The DUP’s Arlene Foster and Nigel Dodds attended the launch, along with other members of Parliament, to show its support. But it’s hypocrisy in the extreme for the DUP to support this event. Because Catholic Christians have suffered greatly in Ireland and the DUP leadership bears some responsibility.
Open Doors
The organisation began after “a young Dutchman”, Brother Andrew, went on a journey to Warsaw in 1955. There he “discovered the existence of a persecuted church”.
Warsaw was behind the iron curtain. The iron curtain separated communist from non-communist countries in Europe between 1945 and 1989. According to Open Doors, Christians behind it were:
Persecuted for their faith [and] they feared they had been forgotten by their fellow Christians around the world.
Persecution of Catholics
But Brother Andrew’s journey didn’t take him to Ireland. That journey would have revealed another “persecuted church”. A Catholic Church persecuted by British loyalism, the police and members of the Protestant faith. The same faith as Brother Andrew.
And the DUP shoulders some of the blame for this. Speaking about Catholics following attacks on their homes in 1968, former DUP leader Dr Ian Paisley said:
Catholic homes caught fire because they were loaded with petrol bombs; Catholic churches were attacked and burned because they were arsenals and priests handed out sub-machine guns to parishioners.
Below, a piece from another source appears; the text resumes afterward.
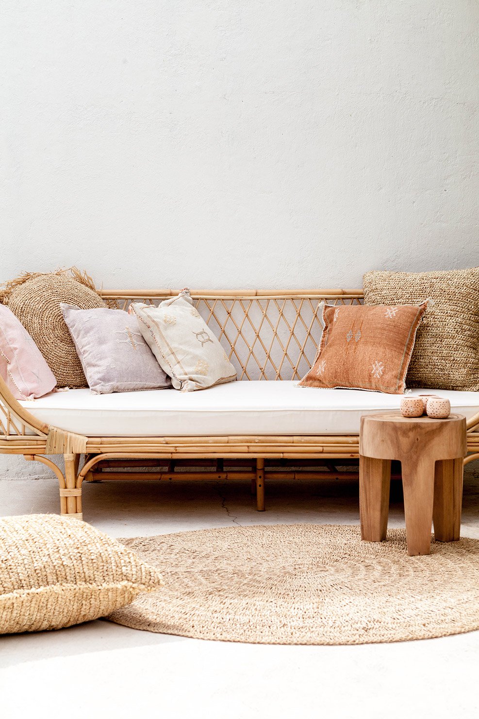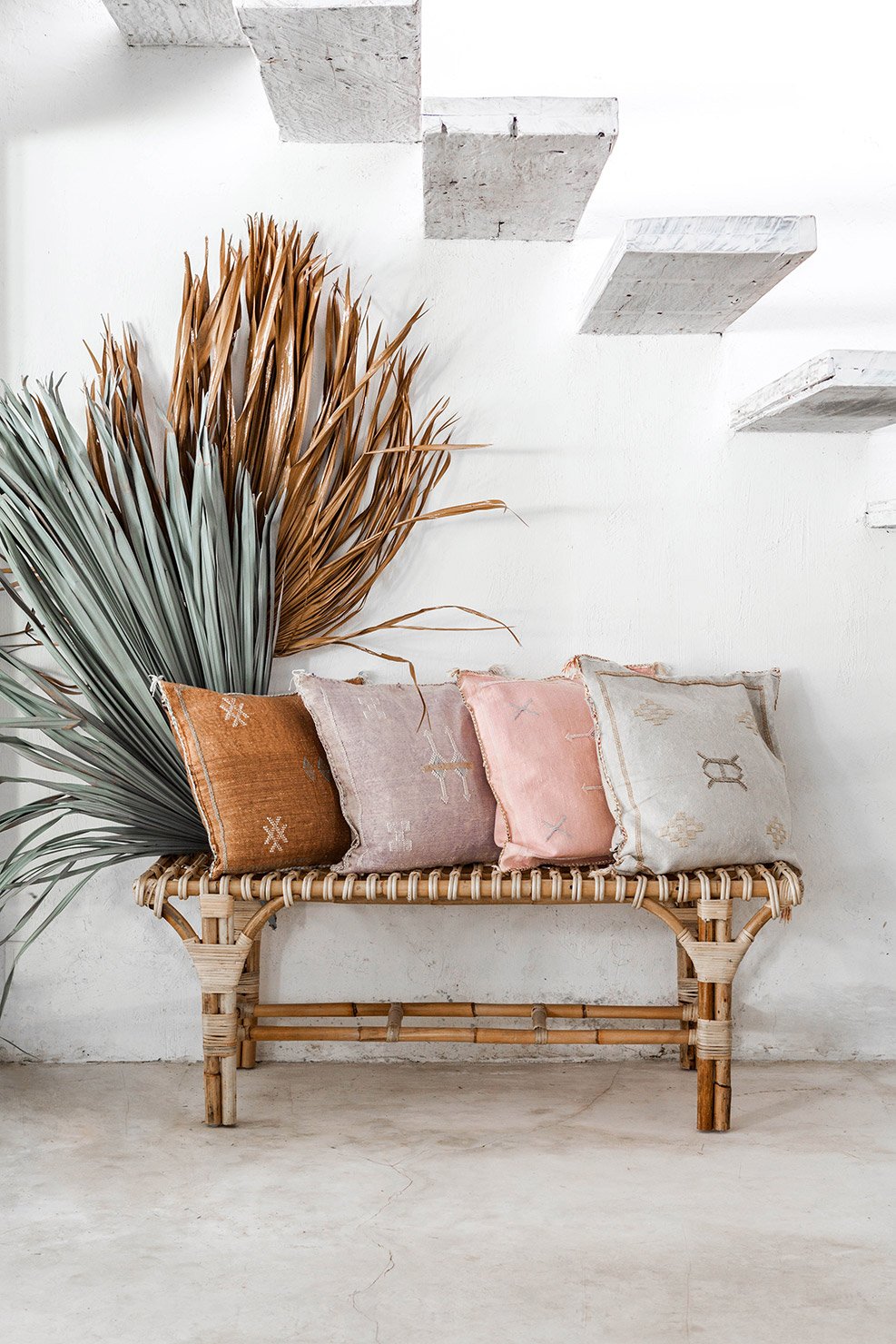 To create a bohemian style interior you can use furniture pieces made natural material such as rattan or cane. Yak and Yeti Trader has some beautiful pieces in their collection. Their designs are inspired by nature and are ethically made by skilled artisans. You can find their collection here. The cushions in the images are made of cactus silk and are a perfect addition. Le Souk has a collection of cactus silk collection that is now on sale.

The following year he roared:
They breed like rabbits and multiply like vermin
Catholics protested against anti-Catholic “endemic discrimination” in October 1968. Groups like the People’s Democracy formed to end this and included members of all faiths and political backgrounds. Protests ended in violence as the police and loyalists attacked them. Yet members of the DUP described People’s Democracy protests as a “coat trailing exercise”, meaning they were deliberately provocative.
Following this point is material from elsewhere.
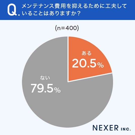 ■79.5%が、メンテナンス費用を抑えるための工夫を「していない」と回答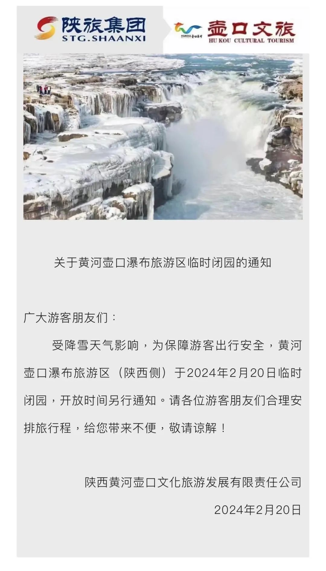 黃河壺口瀑布旅游區(qū)臨時(shí)閉園:受降雪天氣影響,為保障游客出行安全,黃河壺口瀑布旅游區(qū)(陜西側(cè))于2024年2月20日臨時(shí)閉園,開(kāi)放時(shí)間另行通知。請(qǐng)各位游客朋友們合理安排旅行程,給您帶來(lái)不便,敬請(qǐng)諒解!

Loyalists in Ballymena attacked and harassed Catholics going to mass in Harryville church in 1996. Loyalist protests outside this church continued until the Good Friday Agreement in 1998. Then, in 2001, Protestant residents in north Belfast hurled missiles at Catholic girls on their way to primary school.
Meanwhile, member of the “Protestant fraternity” Orange Order Tom Elliott, faced expulsion from the order for attending the funeral of a Catholic policeman in 2011.
Controversy
The persecution felt by Catholics was so great that two notable members of that Church spoke out. In 2005 former Irish president Mary McAleese said of Hitler’s dictatorship:
They gave to their children an irrational hatred of Jews in the same way that people in Northern Ireland transmitted to their children an irrational hatred of Catholics
Then later that year Father Alec Reid, who acted as a peace broker between the IRA and Irish and British governments, made a similar comparison. There was such controversy at these comparisons that both apologised.
Time to own up
Of course, all suffering warrants attention. But people often forget that Catholics suffered in Ireland. And there was little outcry from the rest of the Christian community when it happened.
The DUP needs to take some responsibility for Catholic persecution as some of it came from its community. Real progress in Ireland is unlikely without it.